Joining the dots between our various social and shopping accounts, and even multiple devices, reveals an even bigger picture, not just about us but about those we interact with. Combined with more invasive forms of tracking, such as Wi-Fi hotspot locations, Bluetooth proximity, and email scanning, and it’s easy to see how a network of our behaviors, preferences, and even the more intimate details of our lives begins to appear.
You constantly skip past ads that one day may suddenly become relevant.
This huge web of data can result in more mundane ads, like ones for games to play on your new Nintendo Switch, or creepily insightful suggestions, for things like engagement rings and maternity wear or even the new Italian restaurant you’ve been meaning to try downtown. That trip you haven’t told anyone you’re taking to East Asia isn’t such a secret if you’ve left a trail of crumbs made of Maps searches, sandal purchases, Facebook likes, Instagram follows, and your latest online reading habits. Even if you haven’t specifically typed your destination into Google, big data can join the dots to present those eerily accurate recommendations.
Big data can be so accurate as to anticipate our wants before we even realize them. Sadly, we’re just not as unique or unpredictable as we might like to think.
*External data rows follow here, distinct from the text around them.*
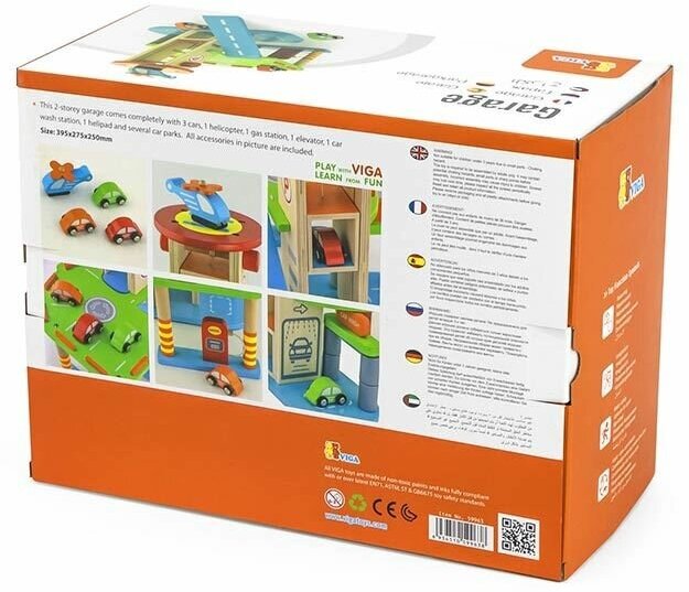 Деревянный Двухуровневый гараж с аксессуарами от компании Вига - это одна из лучших игрушек, которая будет служить долго и обеспечит Вашему ребенку много лет интересной и творческой игры. Благодаря этой игрушке ребенок сможет создавать свои собственные сценарии для игр. Красочный гараж с аксессуарами радует глаз и призывает к веселью. В нижней части находится автозаправочная станция, на которой можно заправить автомобиль. Чтобы попасть на первый этаж гаража, можно воспользоваться лифтом, или подняться самостоятельно. На вершине расположена площадка для вертолета.
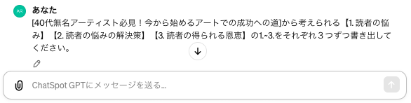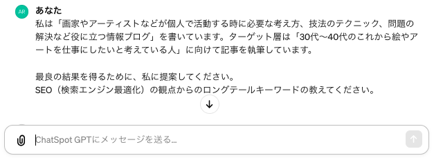 「ChatSpot GPTにメッセージを送る…」というメッセージ欄に下のプロンプトをコピーして貼り付け、次に上の②で得たロングテールキーワードから1つ選んで赤文字の部分に貼り付けます。↓
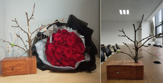 组合式创意首饰收纳套盒,专为年轻人设计,原料采用原生态无污染的树枝和平时废弃不用的纸盒,两个大小不一的盒子经过精心剪裁做成了抽屉式套盒,里面可以放置各种小物件。利用树枝分叉的特点做成了树状的耳饰展示架,集实用感与复古感于一体,在响应我们这次变废为宝主题之外,突出我们要把零散的东西重新归类的设计理念,即:实用、简洁、统一。这款创意收纳盒产品设计更能满足宿舍桌面收纳的需求,实现美感和实用感的统一。
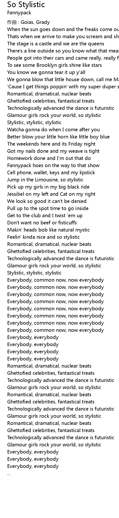 | 歌曲 | So Stylistic |
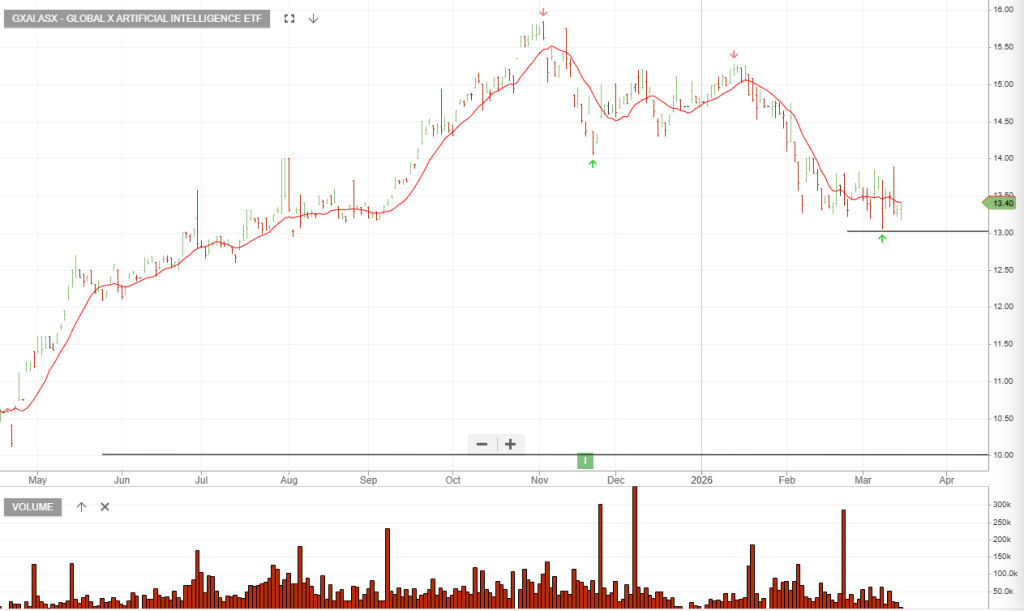 Global X Artificial Intelligence is likely to find buying support above $13.00.

In summary, no your phone isn’t listening to you 24/7 — it simply isn’t feasible technologically or economically. Even though microphones can record with no noticeable battery drain, the raw computing power and expense of processing voice data would be extraordinary. Voice analysis on this scale just isn’t realistic at a price point that makes sense to advertisers, especially when other types of data collection are much more cost effective. Plus, secret recording is a PR disaster just waiting to happen.
This myth remains popular only because the alternative is harder to explain and comprehend for a lot of people. Targeted advertising still misses more than it hits. For every anecdote about eerily accurate ads, there’s another one for a terribly inappropriate product placement or consumers who see Amazon ads for something they bought last week.
Still, data tracking is very real and already highly invasive in many respects. We should all be increasingly concerned about our privacy, especially in light of data leaks and shady sharing deals. One thing we don’t have to worry about is our phones listening to us 24/7 — at least not yet.